# Decent touch-up paint for a BMW e91



## theador (Mar 18, 2014)

I need some sparkling graphite touch up paint. Does anyone know who does the best? Needs to be quite thick as some punk has keyed my car. The scratch is not too deep, so I think a couple of passes of a nice thick touch-up will give me just enough of a mountain to flat down with 3000.

I was going to go for the genuine BMW one.


----------



## WHIZZER (Oct 25, 2005)

I have used

http://www.touchuppaintking.co.uk/

they seem ok -

you need to layer the paint to fill the scratch slowly slowly !


----------



## Slammedorion (Apr 13, 2014)

If it's not too deep and the scratch is white in colour and disappears with alittle spit on it, you'd be better off putting clear coat in it and wet flatting once dried...

If there's basecoat missing you'll have to add where needed first...
Most paint suppliers will make up small amounts for you, if desperate you could always use Halfords...


----------



## squiggs (Oct 19, 2009)

What you're thinking of doing might work with a flat colour, however .......
with a colour that has a high percentage of metallic (such as yours) you'll encounter two problems.

Firstly: 
No matter how good the colour match may be your method of application will cause a colour change.
You'll be applying the paint much thicker than it was designed to be applied (by spraying) and as such the metallic particles 'sink', they won't reflect the light and the paint will appear dull and dark.

Secondly: 
You can't sand or flat back a metallic colour. 
If you sand or flat back a metallic colour you damage any metallic particles that might doing their job.
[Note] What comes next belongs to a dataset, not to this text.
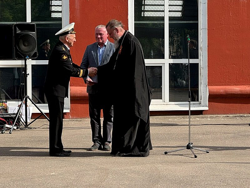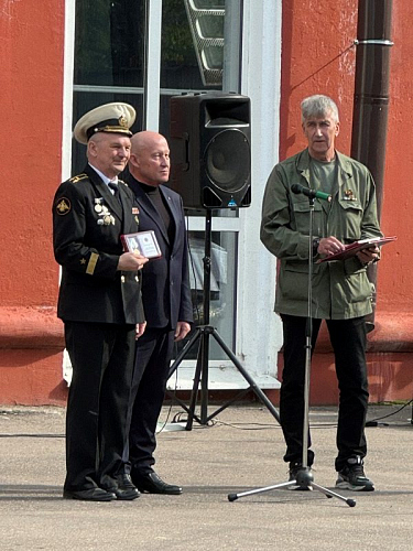 Со словом поздравления выступил председатель Совета ветеранов Краснознаменного Черноморского флота, капитан 1-го ранга Егоров Анатолий Леонтьевич.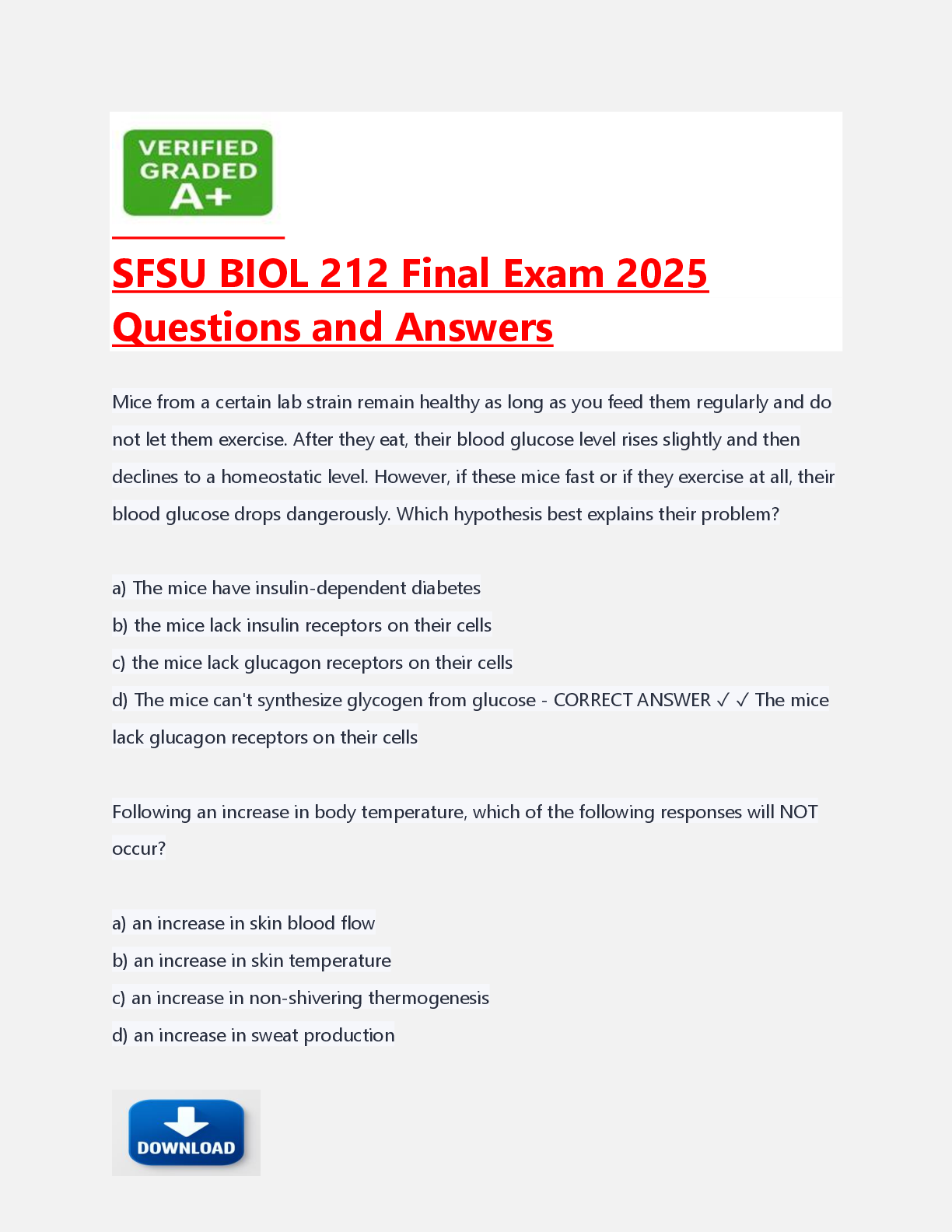 Biology > FINAL EXAM > SFSU BIOL 212 Final Exam 2025 Questions and Answers

They then can't reflect the light and the paint will appear dull and dark.

Sorry for the bad news.


----------



## Sutty 90 (Aug 24, 2014)

Ask at you local bodyshop if you can buy some and if you want it thick ask for it not to be thinned. They should give you lacquer aswell. Doubt it would cost anymore than a finer and will more than likely give it to you free.

Sutty.


----------



## theador (Mar 18, 2014)

It is white indeed, I'll go spit at my car this afternoon. Thanks.



Slammedorion said:


> If it's not too deep and the scratch is white in colour and disappears with alittle spit on it, you'd be better off putting clear coat in it and wet flatting once dried...
> 
> If there's basecoat missing you'll have to add where needed first...
> Most paint suppliers will make up small amounts for you, if desperate you could always use Halfords...


----------



## theador (Mar 18, 2014)

OK that's really handy to know, because I was about to go and take some 3000 to my old Volvo 850R Olive Green too, as that's covered in little scratches that have gone white.
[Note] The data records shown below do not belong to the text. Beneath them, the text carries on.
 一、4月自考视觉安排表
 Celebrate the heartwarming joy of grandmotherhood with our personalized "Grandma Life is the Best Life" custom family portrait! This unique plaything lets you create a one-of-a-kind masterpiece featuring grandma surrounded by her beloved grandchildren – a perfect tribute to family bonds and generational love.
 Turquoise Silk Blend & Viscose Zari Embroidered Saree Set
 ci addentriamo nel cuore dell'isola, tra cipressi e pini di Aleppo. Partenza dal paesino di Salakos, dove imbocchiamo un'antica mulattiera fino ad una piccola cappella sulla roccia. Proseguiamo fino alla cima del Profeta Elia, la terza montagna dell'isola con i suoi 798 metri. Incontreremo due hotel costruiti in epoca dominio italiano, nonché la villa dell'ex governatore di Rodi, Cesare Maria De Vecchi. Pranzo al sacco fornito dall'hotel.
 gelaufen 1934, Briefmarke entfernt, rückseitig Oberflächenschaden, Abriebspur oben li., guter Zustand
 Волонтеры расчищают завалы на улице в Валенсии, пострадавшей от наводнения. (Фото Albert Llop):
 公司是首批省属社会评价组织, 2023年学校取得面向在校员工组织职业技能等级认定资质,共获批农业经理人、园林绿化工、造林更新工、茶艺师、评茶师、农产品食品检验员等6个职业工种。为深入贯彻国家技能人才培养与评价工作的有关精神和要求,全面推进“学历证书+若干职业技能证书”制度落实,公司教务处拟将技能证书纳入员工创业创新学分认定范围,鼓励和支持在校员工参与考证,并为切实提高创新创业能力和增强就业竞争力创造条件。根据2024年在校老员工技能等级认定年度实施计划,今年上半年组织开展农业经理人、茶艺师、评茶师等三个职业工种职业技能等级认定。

The only thing, both cars have a clear coat on them, does the metallic rule you mention still apply?



squiggs said:


> What you're thinking of doing might work with a flat colour, however .......
> with a colour that has a high percentage of metallic (such as yours) you'll encounter two problems.
> 
> Firstly:
> ...


----------



## theador (Mar 18, 2014)

I have a DA (the blue and black one) and Megs UC, Scratch X and AG SRP. Maybe I'll stick to that little lot instead of touch-up and flat.


----------



## squiggs (Oct 19, 2009)

theador said:


> OK that's really handy to know, because I was about to go and take some 3000 to my old Volvo 850R Olive Green too, as that's covered in little scratches that have gone white.
> 
> The only thing, both cars have a clear coat on them, does the metallic rule you mention still apply?


As long as you don't break through the clear coat you'll be ok.


----------



## theador (Mar 18, 2014)

OK great. The paint is pretty hard on them both so should be ok.



squiggs said:


> As long as you don't break through the clear coat you'll be ok.


----------



## pcm1980 (May 4, 2009)

Bmw part number for sparkling graphite touch up kit: 51 91 0 391 370


----------



## theador (Mar 18, 2014)

Thanks, I actually managed to get away with just using some clearcoat touch up, although he scratch was deep it hadn't gone completely through the colour. I used a bit of rubbing compound to get rid of hard edges, then filled in a few layers of clearcoat touch up. I'll wet flat it once it's completely dry.



pcm1980 said:


> Bmw part number for sparkling graphite touch up kit: 51 91 0 391 370


----------